## [PROBLEM DESCRIPTION]
What you return should be the complete data below, word for word, with no pictures in it.

Start of Block

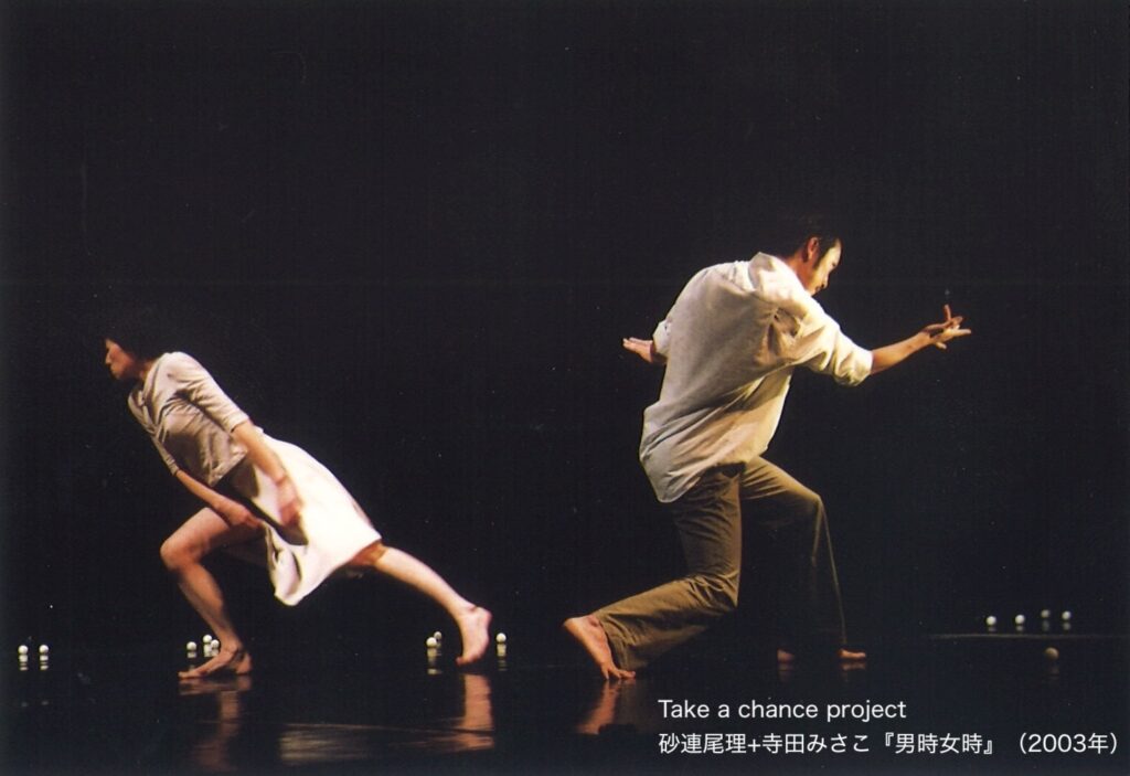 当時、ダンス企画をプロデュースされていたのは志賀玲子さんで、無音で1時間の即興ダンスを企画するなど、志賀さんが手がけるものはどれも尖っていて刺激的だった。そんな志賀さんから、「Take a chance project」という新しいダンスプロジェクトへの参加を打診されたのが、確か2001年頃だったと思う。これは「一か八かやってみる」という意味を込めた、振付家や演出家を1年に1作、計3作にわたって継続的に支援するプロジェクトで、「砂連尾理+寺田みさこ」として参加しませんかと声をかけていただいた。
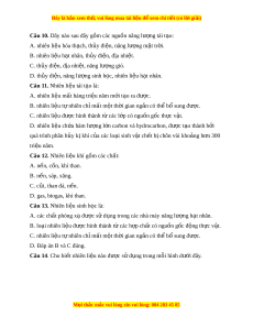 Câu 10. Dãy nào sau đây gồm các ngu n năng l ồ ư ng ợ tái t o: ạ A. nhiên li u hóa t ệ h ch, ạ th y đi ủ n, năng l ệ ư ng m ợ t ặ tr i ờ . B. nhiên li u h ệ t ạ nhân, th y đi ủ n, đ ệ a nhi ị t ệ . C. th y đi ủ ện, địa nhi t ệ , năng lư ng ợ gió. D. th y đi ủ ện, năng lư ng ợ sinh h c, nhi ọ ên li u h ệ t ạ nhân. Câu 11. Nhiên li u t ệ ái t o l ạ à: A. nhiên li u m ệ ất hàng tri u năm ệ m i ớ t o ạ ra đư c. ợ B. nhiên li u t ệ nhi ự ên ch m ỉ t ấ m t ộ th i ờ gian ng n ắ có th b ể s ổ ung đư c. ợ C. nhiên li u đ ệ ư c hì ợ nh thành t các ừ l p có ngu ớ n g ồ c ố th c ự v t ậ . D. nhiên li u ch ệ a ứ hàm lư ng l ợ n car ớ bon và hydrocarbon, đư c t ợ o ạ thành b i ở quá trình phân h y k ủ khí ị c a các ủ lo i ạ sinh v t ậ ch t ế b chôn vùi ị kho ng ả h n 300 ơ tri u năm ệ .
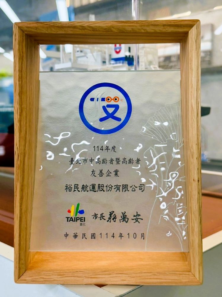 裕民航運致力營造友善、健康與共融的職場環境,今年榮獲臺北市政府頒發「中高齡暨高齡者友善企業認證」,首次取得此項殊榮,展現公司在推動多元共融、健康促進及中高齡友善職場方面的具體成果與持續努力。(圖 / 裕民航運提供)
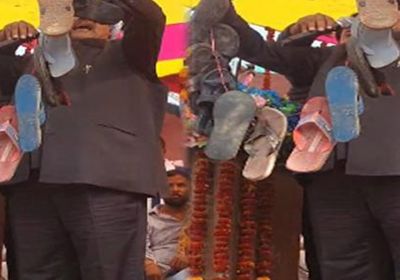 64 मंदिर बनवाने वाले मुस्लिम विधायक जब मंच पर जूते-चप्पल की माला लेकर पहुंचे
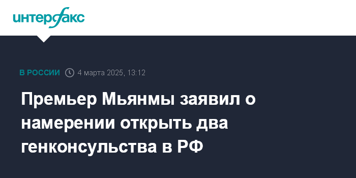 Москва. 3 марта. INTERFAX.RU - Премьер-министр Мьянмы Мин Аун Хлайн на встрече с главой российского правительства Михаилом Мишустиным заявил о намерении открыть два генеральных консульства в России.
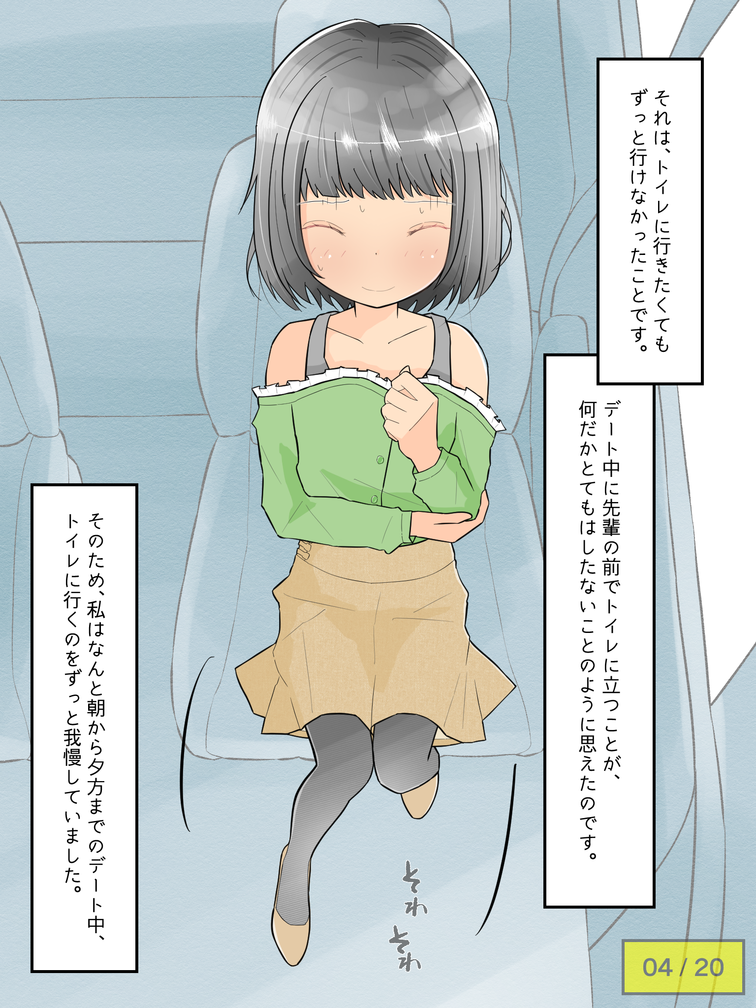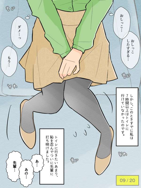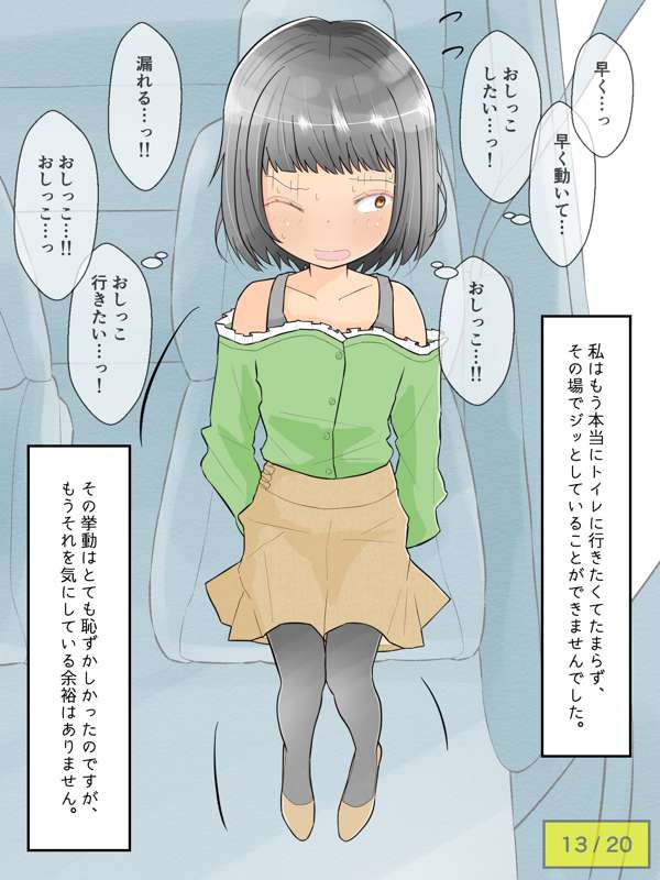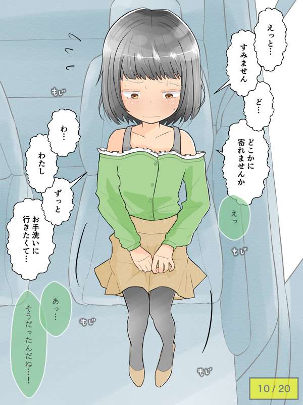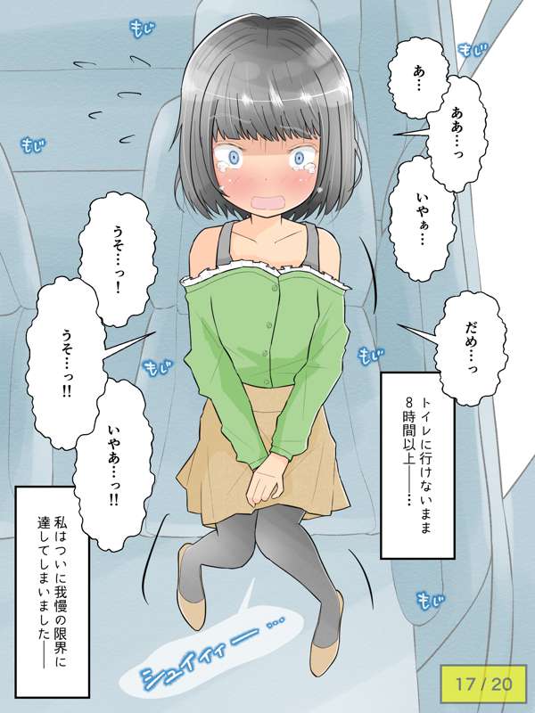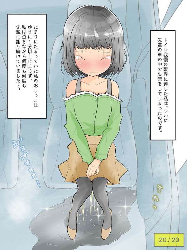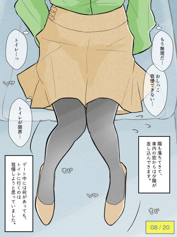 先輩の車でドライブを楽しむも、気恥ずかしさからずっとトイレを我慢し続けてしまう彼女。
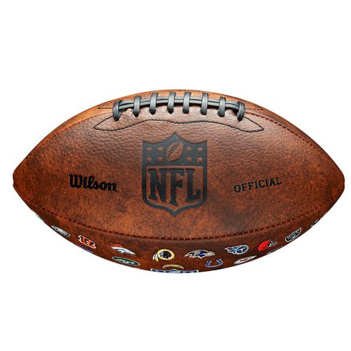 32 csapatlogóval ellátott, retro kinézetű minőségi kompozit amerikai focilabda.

End of Block

## [SOLUTION TO THE PROBLEM]
 当時、ダンス企画をプロデュースされていたのは志賀玲子さんで、無音で1時間の即興ダンスを企画するなど、志賀さんが手がけるものはどれも尖っていて刺激的だった。そんな志賀さんから、「Take a chance project」という新しいダンスプロジェクトへの参加を打診されたのが、確か2001年頃だったと思う。これは「一か八かやってみる」という意味を込めた、振付家や演出家を1年に1作、計3作にわたって継続的に支援するプロジェクトで、「砂連尾理+寺田みさこ」として参加しませんかと声をかけていただいた。
 Câu 10. Dãy nào sau đây gồm các ngu n năng l ồ ư ng ợ tái t o: ạ A. nhiên li u hóa t ệ h ch, ạ th y đi ủ n, năng l ệ ư ng m ợ t ặ tr i ờ . B. nhiên li u h ệ t ạ nhân, th y đi ủ n, đ ệ a nhi ị t ệ . C. th y đi ủ ện, địa nhi t ệ , năng lư ng ợ gió. D. th y đi ủ ện, năng lư ng ợ sinh h c, nhi ọ ên li u h ệ t ạ nhân. Câu 11. Nhiên li u t ệ ái t o l ạ à: A. nhiên li u m ệ ất hàng tri u năm ệ m i ớ t o ạ ra đư c. ợ B. nhiên li u t ệ nhi ự ên ch m ỉ t ấ m t ộ th i ờ gian ng n ắ có th b ể s ổ ung đư c. ợ C. nhiên li u đ ệ ư c hì ợ nh thành t các ừ l p có ngu ớ n g ồ c ố th c ự v t ậ . D. nhiên li u ch ệ a ứ hàm lư ng l ợ n car ớ bon và hydrocarbon, đư c t ợ o ạ thành b i ở quá trình phân h y k ủ khí ị c a các ủ lo i ạ sinh v t ậ ch t ế b chôn vùi ị kho ng ả h n 300 ơ tri u năm ệ .
 裕民航運致力營造友善、健康與共融的職場環境,今年榮獲臺北市政府頒發「中高齡暨高齡者友善企業認證」,首次取得此項殊榮,展現公司在推動多元共融、健康促進及中高齡友善職場方面的具體成果與持續努力。(圖 / 裕民航運提供)
 64 मंदिर बनवाने वाले मुस्लिम विधायक जब मंच पर जूते-चप्पल की माला लेकर पहुंचे
 Москва. 3 марта. INTERFAX.RU - Премьер-министр Мьянмы Мин Аун Хлайн на встрече с главой российского правительства Михаилом Мишустиным заявил о намерении открыть два генеральных консульства в России.
 先輩の車でドライブを楽しむも、気恥ずかしさからずっとトイレを我慢し続けてしまう彼女。
 32 csapatlogóval ellátott, retro kinézetű minőségi kompozit amerikai focilabda.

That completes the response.